Haiti police investigators have detained and interrogated 18 Colombians, as well as two Haitian Americans, Solages and Joseph Vincent, the latter of whom also claimed he was working as a translator. Investigators also questioned and imprisoned Christian Emmanuel Sanon, a Haitian-American pastor and doctor considered by police to be one of the planners. They have linked Sanon to the owner of a Miami-area security firm, Counter Terrorism Unit, or CTU, and to one of the owner’s associates. CTU is suspected of recruiting the Colombians and obtaining two loans from a Weston-based lending firm that Haitian police say provided money for the assassination.
U.S. lawyers for the South Florida business owners, whose homes and offices have been the subject of search warrants, have said that while they were involved in a plan to replace Moïse with an interim leader in a peaceful transition of power, they had no knowledge of a plot to kill or violently overthrow him. Solages, Vincent and Sanon have also professed their innocence directly. After turning themselves in, Solages and Vincent, a former DEA informant, told Haitian authorities that their mission was not to kill Moïse but to arrest him and install Sanon as interim president.

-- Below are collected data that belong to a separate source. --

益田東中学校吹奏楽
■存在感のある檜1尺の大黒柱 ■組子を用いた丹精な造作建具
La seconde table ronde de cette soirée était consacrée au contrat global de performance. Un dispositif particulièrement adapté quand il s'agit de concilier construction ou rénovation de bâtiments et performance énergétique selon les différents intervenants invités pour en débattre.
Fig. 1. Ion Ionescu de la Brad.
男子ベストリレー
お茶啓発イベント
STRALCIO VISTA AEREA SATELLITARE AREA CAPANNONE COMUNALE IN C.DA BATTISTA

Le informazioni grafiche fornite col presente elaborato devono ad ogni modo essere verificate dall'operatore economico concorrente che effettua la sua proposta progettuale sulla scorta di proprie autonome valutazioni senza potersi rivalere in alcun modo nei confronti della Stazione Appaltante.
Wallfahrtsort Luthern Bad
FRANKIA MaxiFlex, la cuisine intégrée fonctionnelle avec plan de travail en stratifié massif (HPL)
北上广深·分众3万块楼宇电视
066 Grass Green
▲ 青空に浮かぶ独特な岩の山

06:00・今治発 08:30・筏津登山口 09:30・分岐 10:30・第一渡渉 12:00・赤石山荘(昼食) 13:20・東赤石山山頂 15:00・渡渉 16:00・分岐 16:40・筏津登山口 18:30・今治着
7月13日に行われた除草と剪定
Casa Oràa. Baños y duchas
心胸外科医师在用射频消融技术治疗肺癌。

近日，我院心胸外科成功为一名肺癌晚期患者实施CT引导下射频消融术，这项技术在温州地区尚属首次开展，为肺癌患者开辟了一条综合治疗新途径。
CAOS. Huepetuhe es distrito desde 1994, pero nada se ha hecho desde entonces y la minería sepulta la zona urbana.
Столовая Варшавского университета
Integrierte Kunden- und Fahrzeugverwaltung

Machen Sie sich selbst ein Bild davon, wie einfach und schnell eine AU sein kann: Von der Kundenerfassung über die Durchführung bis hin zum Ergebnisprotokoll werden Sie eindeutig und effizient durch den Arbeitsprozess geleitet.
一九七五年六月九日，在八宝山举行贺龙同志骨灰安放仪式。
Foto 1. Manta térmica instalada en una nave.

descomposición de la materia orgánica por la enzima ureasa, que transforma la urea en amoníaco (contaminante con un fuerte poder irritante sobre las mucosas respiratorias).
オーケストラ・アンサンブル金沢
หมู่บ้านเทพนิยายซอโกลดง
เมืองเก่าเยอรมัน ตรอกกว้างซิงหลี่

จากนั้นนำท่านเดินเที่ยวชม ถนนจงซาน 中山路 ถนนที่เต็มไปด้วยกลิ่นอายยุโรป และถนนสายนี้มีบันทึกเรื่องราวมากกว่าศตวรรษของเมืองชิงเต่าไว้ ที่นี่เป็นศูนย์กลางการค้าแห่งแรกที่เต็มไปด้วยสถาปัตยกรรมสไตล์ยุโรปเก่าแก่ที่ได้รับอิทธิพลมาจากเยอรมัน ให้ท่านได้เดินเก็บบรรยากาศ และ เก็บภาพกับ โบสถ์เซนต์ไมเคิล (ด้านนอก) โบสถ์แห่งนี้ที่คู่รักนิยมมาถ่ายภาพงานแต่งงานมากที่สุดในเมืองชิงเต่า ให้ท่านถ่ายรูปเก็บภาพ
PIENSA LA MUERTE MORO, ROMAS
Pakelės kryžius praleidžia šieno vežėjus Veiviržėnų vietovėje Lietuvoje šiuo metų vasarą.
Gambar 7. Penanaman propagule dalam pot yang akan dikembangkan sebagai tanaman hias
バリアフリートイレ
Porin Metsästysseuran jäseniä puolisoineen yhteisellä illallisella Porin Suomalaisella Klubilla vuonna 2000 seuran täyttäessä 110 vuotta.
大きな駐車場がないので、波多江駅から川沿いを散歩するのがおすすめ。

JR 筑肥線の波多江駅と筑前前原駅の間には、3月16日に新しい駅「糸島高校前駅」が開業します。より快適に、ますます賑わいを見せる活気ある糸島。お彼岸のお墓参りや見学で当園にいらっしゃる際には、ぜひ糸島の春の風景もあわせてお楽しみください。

Both the FBI and Homeland Security Investigations are conducting their own probes, looking at the involvement of the two companies, their owners and the three jailed Haitian Americans, all of whom lived in South Florida before traveling to Port-au-Prince early last year ahead of the slaying. The question is to what extent Palacios’ arrest connects to the broader ongoing U.S. probe and whether it might help FBI and Homeland Security agents build a strong case.
The way Palacios arrived in the United States is not unusual. U.S. law enforcement agencies sometimes seek to circumvent the lengthy process of extradition — with the cooperation of foreign governments — when a suspect is in transit. Haiti’s government had filed an INTERPOL Red Notice, an international alert, on Oct. 21, 2021, after Palacios’ Jamaica arrest.
Palacios had surrendered in Jamaica in October. He was among several suspects on the run after Moïse’s murder. One of the suspects, Haitian-Palestinian businessman Samir Handal, was detained in Turkey after arriving in Istanbul from Miami. His ultimate destination was Jordan. His family in Miami says he is innocent and that authorities knew his whereabouts all along. He is currently the subject of a Haitian government extradition request.